Impact: This type of attack will lead to two results:

  1. Since honest validators are often and long-term stuck in the execution of propose_batch, network performance is significantly reduced
  2. Since the honest validator's worker.ready is full of fake solutions, it is impossible to process valid solutions in the network, which destroys the PoW part of the consensus and damages the Prover's income

Your Environment

snarkOS Version: 878624d6ccab6dfeb52f69ce54ee885464cdf7d8

HarukaMa commented 5 months ago

Not sure if we are able to tell which solutions are "fake" without calculating their targets. As your POC shows we can just spam solutions with random counters. Hopefully the real puzzle will be shorter per run to make this relatively a non-issue.

elderhammer commented 5 months ago

Not sure if we are able to tell which solutions are "fake" without calculating their targets. As your POC shows we can just spam solutions with random counters. Hopefully the real puzzle will be shorter per run to make this relatively a non-issue.

Yes, constructing puzzles is easy, but verifying them is time-consuming.

HarukaMa commented 5 months ago

was thinking about this one and forgot to comment. So apparently this is still a concern considering all nodes will try to validate all of the incoming unconfirmed solutions and we can't really do that fast enough. We probably need some mechanisms to block peers if too many invalid solutions are seen.

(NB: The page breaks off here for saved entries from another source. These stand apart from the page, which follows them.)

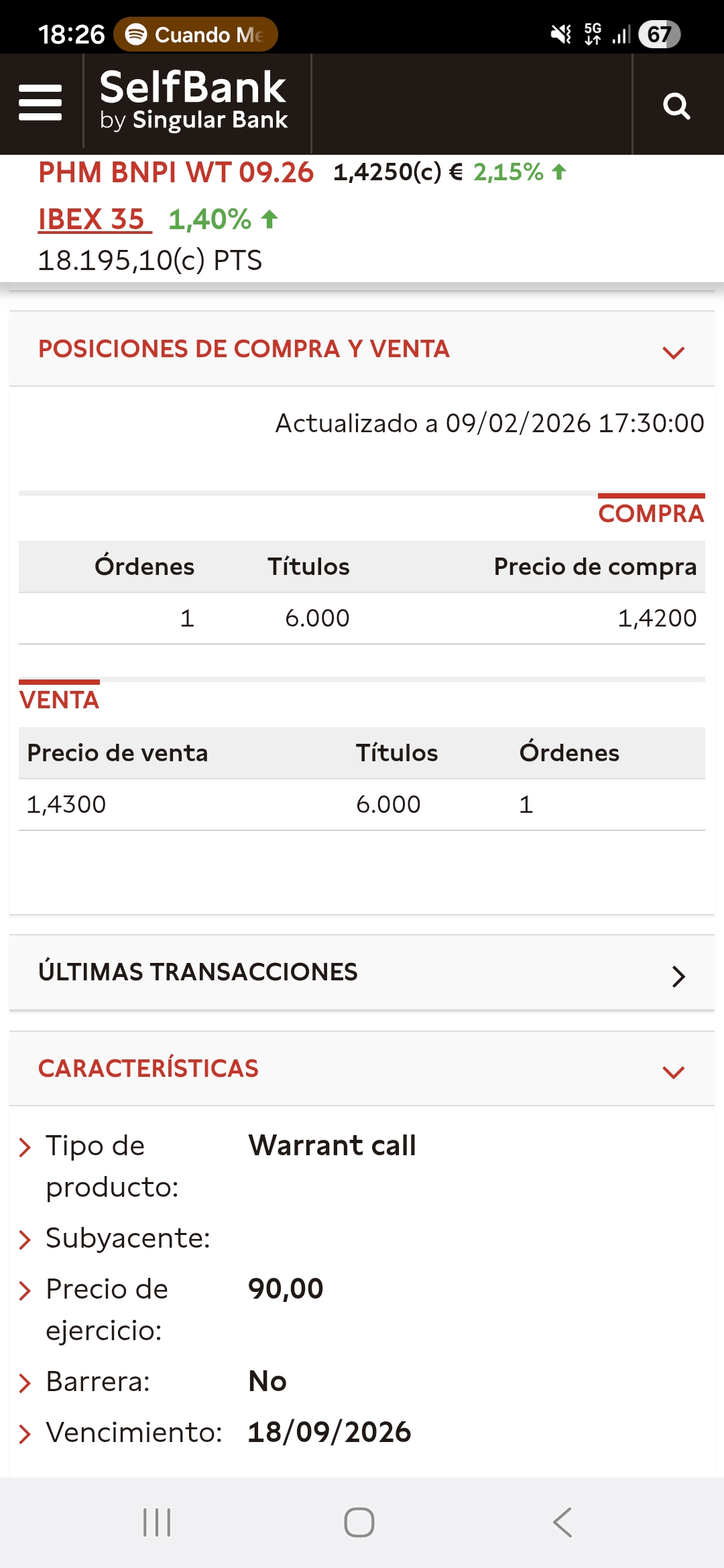 Aunque la acción todavía cotiza 10 céntimos por debajo de tu precio de entrada, el warrant ya vale un 4,40% más.
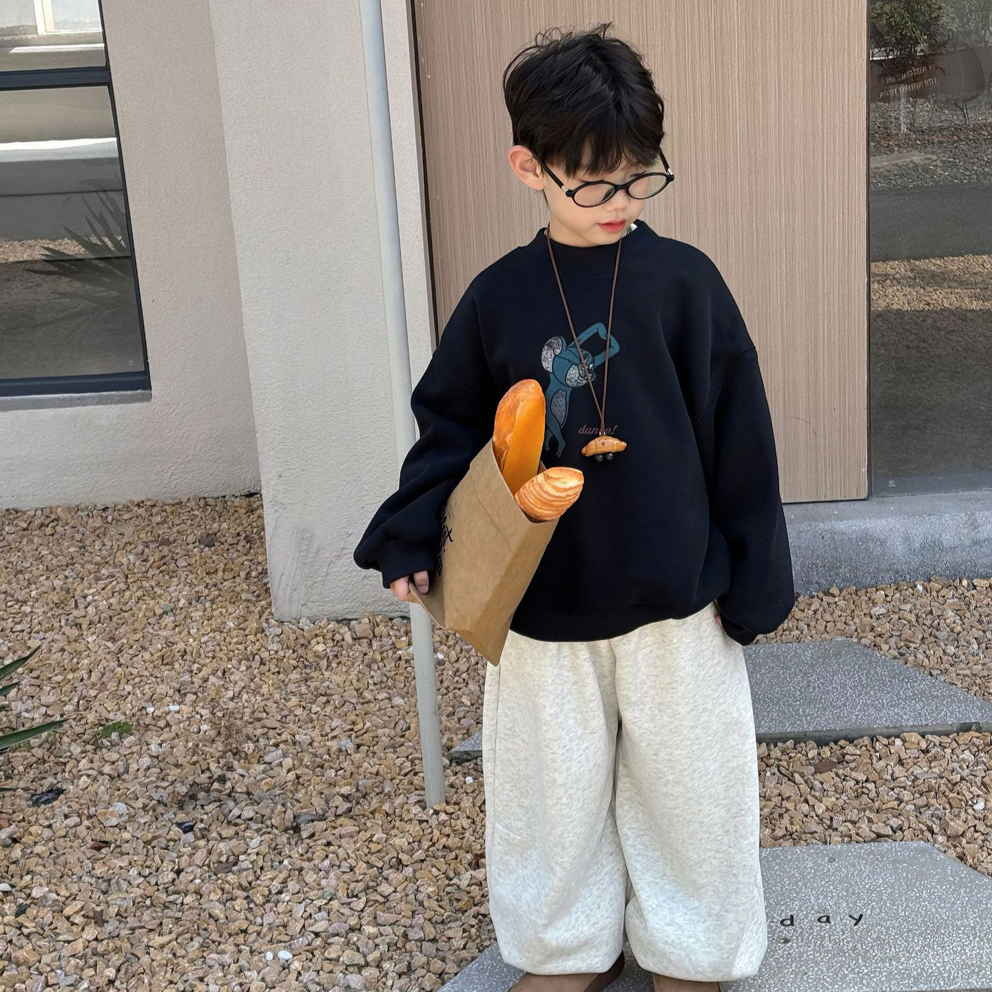 小杰家2025冬季新款韩版男童卡通加绒加厚保暖卫衣中大童上衣潮
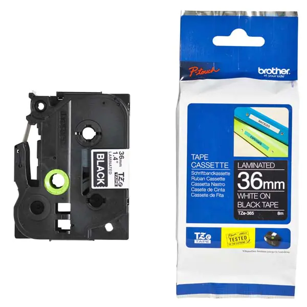 Brother oryginalny taśma do drukarek etykiet, Brother, TZE-365, biały druk/czarny podkład, laminowane, 8m, 36mm
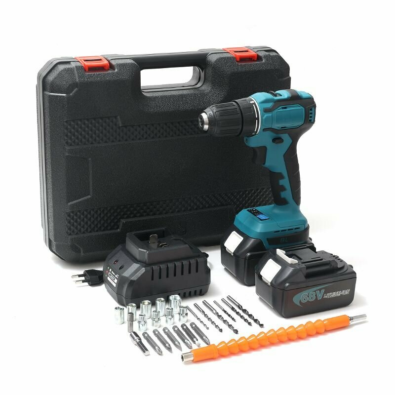 Аккумуляторная дрель-шуруповерт, бесщеточный двигатель, многоскоростная регулировка крутящего момента, 21 В, 90 Нм (2 аккумулятора и 1 зарядное устройство)
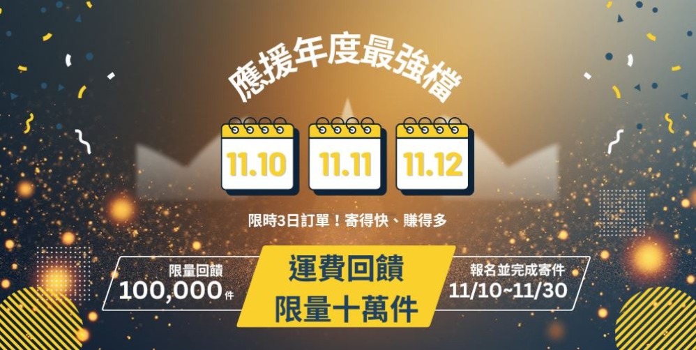 應援年度最強檔,限量免運報名中:11/10~11/12成立訂單、11/30前寄件
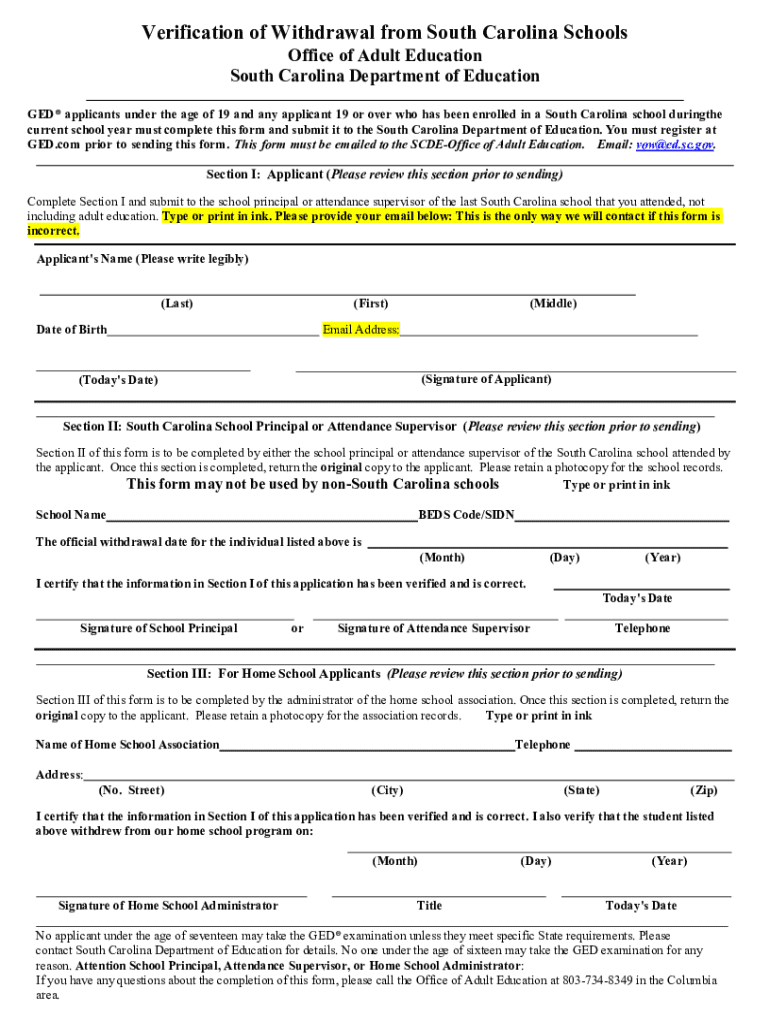 Verification of Withdrawal from South Carolina Schools Office of Adult Education South Carolina Department of EducationGED applicants under the age of 19 and any applicant 19 or over who has been
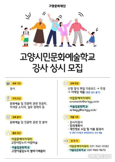 [리버럴미디어=공소리 기자] 고양문화재단은 시민들에게 참신하고 수준 높은 문화예술교육 서비스를 제공하기 위해 ‘고양시민문화예술학교’(아람문예아카데미 및 어울림문화학교) 강사 인력풀(POOL)을 상시 모집한다.
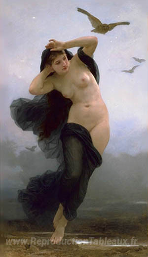 Nous vous proposons une reproduction artisanale sur toile du célèbre tableau 'Nuit' de William-Adolphe Bouguereau, provenant du Musée de la Reproduction.

raychu86 commented 4 months ago

This is a known issue, but thank you for flagging this again.

Our current recommendations for mitigations is for Validators to run their own "Core Clients" which acts as the filtering mechanism for valid solutions/transactions that get sent to the validator.

Validators should not be arbitrarily exposed to external clients or REST request that may be malicious; the clients should be the ones interfacing externally and becoming the line of defense for the validators. With this approach, the validators should in theory be protected from these types of attacks.

elderhammer commented 4 months ago

Our current recommendations for mitigations is for Validators to run their own "Core Clients" which acts as the filtering mechanism for valid solutions/transactions that get sent to the validator.

The method you mentioned can filter attacks from P2P, but it seems that it cannot filter attacks from BFT, because the validator directly requests fake solution from the malicious verifier through TransmissionRequest.

vicsn commented 4 months ago

The method you mentioned can filter attacks from P2P, but it seems that it cannot filter attacks from BFT, because the validator directly requests fake solution from the malicious verifier through TransmissionRequest.

Yes that's correct. Post-launch, the community should consider requiring a small Fee for solutions, and looking into batch verification to further reduce the attack vector.